Ит безнадежно вздохнул – уже в который раз за сегодняшний день – а затем спросил:
– Ты куда сейчас?
– Прогуляюсь в центре, потом поеду домой, – ответил Ариан. – Вы вечером дома?
– Дома, – ответил Скрипач. – Мы вечером, как и всегда, работаем. Тебе, кстати, не худо было бы тоже…
– Я знаю эту тему, мне её изучать повторно не требуется, – пожал плечами Ариан. – А вам да, нужно. Что ж, езжайте, работайте. Счастливо.
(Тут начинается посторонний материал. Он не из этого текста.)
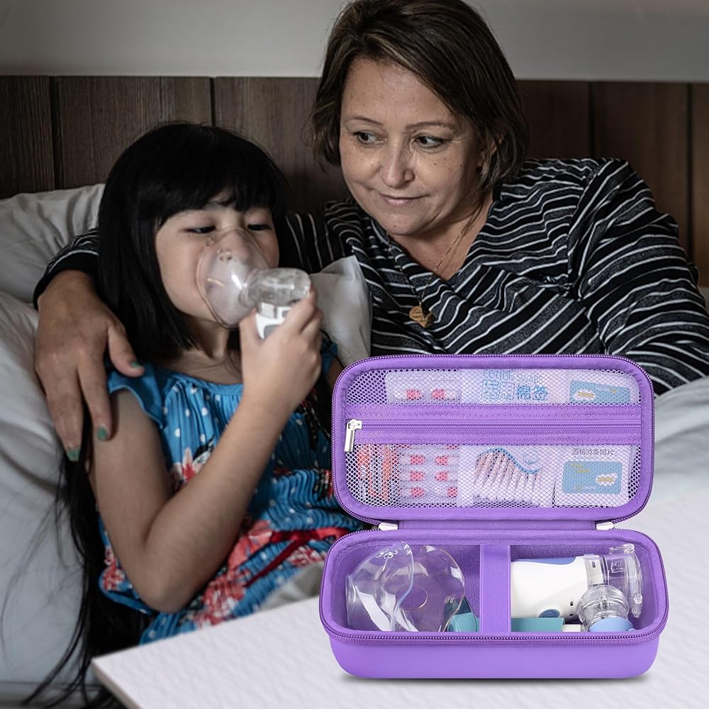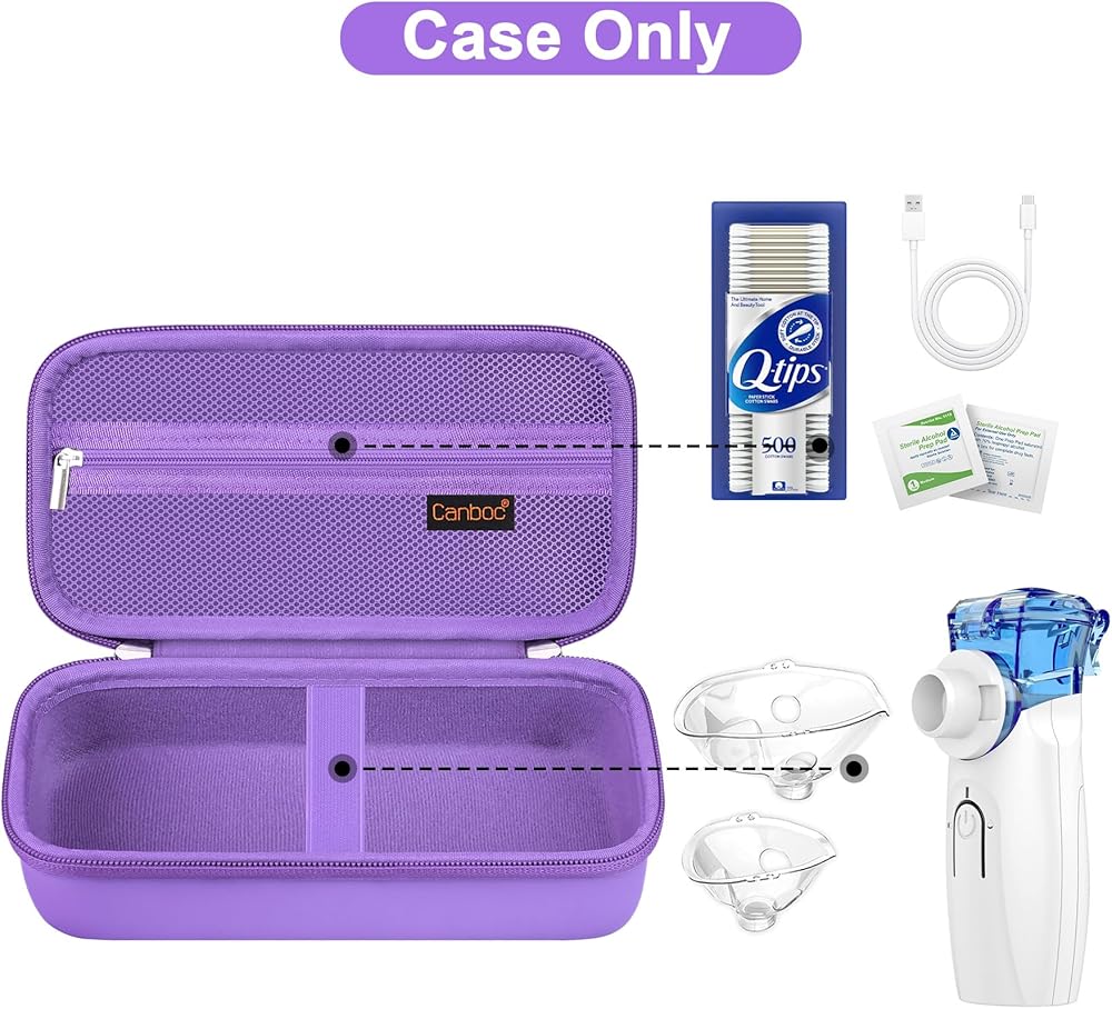 【Small and Portable】 Portable silicone handle and light weight design provide a comfortable carrying anytime and anywhere. Portable nebulizer bag is slim and lightweight, save space and can easily slide into your backpack or other bag.

– Ну, спасибо тебе большое, – сардонически усмехнулся Скрипач. – Благодетель. Прямо не знаю, как тебя поблагодарить-то…
– Это лишнее, – усмехнулся Ариан. Развернулся, и пошел к выходу из переулка, по направлению к шумной городской улице. Ит посмотрел ему вслед, и покачал головой. Если ничего не знать, то просто-таки идеальная картинка получается. Парень лет двадцати пяти, стройный, в меру мускулистый, с длинными черными волосами, забранными в хвост, в кожаной куртке, в чёрных джинсах, и в серых удобных кроссовках. Не такой красавец, как Ри, к слову сказать. Попроще. Поскромнее. Ниже на полголовы, уже в плечах, да и лицо… лицо как лицо, симпатичное, но отнюдь не идеал.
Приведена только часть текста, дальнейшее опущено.